Unfortunately that initiative has resulted in downgrading the shopping experience at Ralphs, Fred Meyer, and QFC to something that is inferior to what it was before Kroger tried to make those banners "like the rest of Kroger." The stores do not look as nice, the fresh departments seem to have fallen in quality, and the attitude of the staff is not what it used to be. The things that I feel allowed these banners to charge higher prices than a Kroger or Smiths seem to have been de-emphasized or taken away.

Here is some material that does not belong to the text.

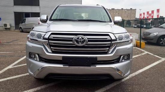 18款丰田酷路泽4500柴油版 银色配置:D4D发动机,8速手自一天变速箱,8气囊,8座,天窗,冰箱,氙灯,LED灯,大灯清洗,前后大包围,镀铬套件,桃木内饰,桃木多功能方向盘,巡航定速,倒影,蠕行模式,中央差速锁,电动座椅,航空踏板,三区空调,柴油加热系统,18寸铝合金轮毂,拖钩。

Kroger could probably get away with rebranding some of these divisions like Frys, Smiths, Dillons, and King Soopers- and customers may drag their feet but in the end nothing about the stores would change and I think the customers would come around. This wouldn't be like Albertsons/Lucky where the entire format changed. Most folks who shop in those stores are well aware what Kroger is. In the case of Fred Meyer, Ralphs, and QFC I do not think the Kroger connection is quite as well known, many of the Ralphs/QFC Stores are smaller in size or have higher income demographics and have a smaller mix of private label items which has been the main thing in the other stores which are primarily middle class type of stores that heavily push private label, which presents the Kroger ownership to the customers. As far as Fred Meyer goes, it is a different format and rebranding it would not be appropriate.